The GEMEO World Model (the Causal Diffusion Forcing dynamics core) is published separately at Raras-AI/gemeo-world-model (~80 MB) β€” keep that repo for the heavy ckpt, this repo for the application stack that runs on top of it.


Quickstart

import sys; sys.path.append("src")
from gemeo import build_gemeo

twin = await build_gemeo(
    case_text="Menino, 5 anos, ataxia progressiva, telangiectasia, AFP elevado.",
    patient_info={"age": 5, "sex": "M"},
    context={"sus_region": "SP"},
)

twin.diagnoses[:3]              # β†’ e.g. Ataxia-Telangiectasia (ORPHA:100) at top
twin.cohort.members[:5]         # patients-like-mine
twin.risk.survival_curve        # months β†’ P(alive)
twin.drugs.candidates[:3]       # repurposing
twin.next_questions[:3]         # active learning
twin.sus_check.pcdt_url         # PCDT compliance link

For the FastAPI server (production layout β€” same as raras.org runs):

pip install -r requirements.txt
uvicorn gemeo.api:app --reload --port 8000
# POST /api/gemeo/build           β€” create a twin
# POST /api/gemeo/{id}/evolve     β€” add new clinical data
# POST /api/gemeo/{id}/whatif     β€” counterfactual
# GET  /api/gemeo/{id}/{cohort,subgraph,trajectory,risk,drugs,trials,next-questions,sus,viz}

Data, ethics, governance

  • Source: Brazilian DATASUS subsystems (SIH-RD, APAC-SIA, BPA-I, SIM).
  • Linkage: CNS-hash deterministic (Tier 1 via APAC).
  • De-identification: ages bucketed (5y); UF only (no municΓ­pio); k-anonymity β‰₯ 5.
  • Ethics: Brazilian Res. CNS 466/2012 + 510/2016. LGPD-compliant.
  • Not on this repo: PHI, raw CNS hashes, individual-level data. Only derived embeddings (PrimeKG), trained weights (NeuralSurv, DT-FM), source code, and aggregate metrics.

What's in development (and what Mayo would enable)
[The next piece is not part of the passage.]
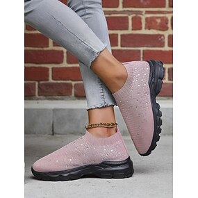 sneakers slip-on flyknit con strass rosa da donna – scarpe con zeppa traspiranti e leggere per camminare, fare fitness e indossare ogni giorno in modo casual

The architecture is mode-complete: every box has a working bootstrap or trained slot. The bottleneck is data substrate:

Mode SUS today What Mayo / multimodal substrate unlocks
Trajectory events only (no notes) + 1.65 B clinical notes β†’ richer event tokens
Diagnosis R@1 57% canonical / 200 cases + WES variants + HPO from notes β†’ target R@1 β‰₯ 78% (DeepRare bar)
Risk c-index 0.70 on 4,624 deaths + longitudinal labs + meds β†’ target c-index β‰₯ 0.80
Counterfactual heuristic + trial-emulation labels β†’ causal-grade what-if
Repurposing TxGNN + SUS heuristics + Mayo trial outcomes β†’ real evidence ranking

This is the basis of our Mayo Clinic Platform_Accelerate proposal: same world model, multimodal substrate.


Citation

@misc{gemeo_world_model_2026,
  title  = {GEMEO: A Patient World Model for Rare Disease, Grounded in
            Brazilian SUS Data},
  author = {Timmers, Dimas and the Raras.ai team},
  year   = {2026},
  url    = {https://huggingface.co/Raras-AI/gemeo-world-model},
  note   = {Research preview. Not a medical device.}
}

@misc{gemeo_v1_2026,
  title  = {GEMEO v1: A SUS-Grounded Patient Digital Twin for Rare-Disease
            Trajectory Forecasting},
  author = {Timmers, Dimas and Kawassaki, Alexandre},
  year   = {2026},
  doi    = {10.5281/zenodo.20092131},
  url    = {https://doi.org/10.5281/zenodo.20092131}
}

Building blocks (please also cite as appropriate)

  • PrimeKG β€” Chandak, Huang, Zitnik. Nature Sci Data (2023).
  • HGT β€” Hu et al., WWW 2020. Heterogeneous Graph Transformer.
  • TGNN β€” Rossi et al., ICML 2020. Temporal Graph Networks.
  • TxGNN β€” Huang et al., Nature Medicine 2024. A foundation model for clinician-centered drug repurposing.
  • NeuralSurv β€” Lee et al., Stat. Med. 2021.
  • Diffusion Forcing β€” Chen et al., NeurIPS 2024 (2407.01392).
  • DeepRare β€” Nature 2026, s41586-025-10097-9.
  • PhenoKG β€” arXiv 2506.13119 (Jun 2025).
  • MEDS β€” Medical Event Data Standard v0.4.1, McDermott et al. 2024.

Changelog

  • 2026-05 (this release) β€” Initial public release of the twin-stack application layer + NeuralSurv ckpt (c-index 0.70) + DT-FM baseline + PrimeKG-derived embeddings + RareBench v49 results.
  • 2026-05-19 β€” Renamed from Raras-AI/gemeo-world-model β†’ Raras-AI/gemeo-twin-stack (HF auto-redirects). The slug gemeo-world-model now hosts the actual Causal Diffusion Forcing world model.
  • 2026-05 β€” GEMEO World Model v2 (CDF backbone) published at Raras-AI/gemeo-world-model.
  • 2026-04 β€” GEMEO v1 paper published on Zenodo (DOI 10.5281/zenodo.20092131).

⚠️ Reminder: Research only. Not a medical device. No clinical use without physician oversight and applicable regulatory clearance.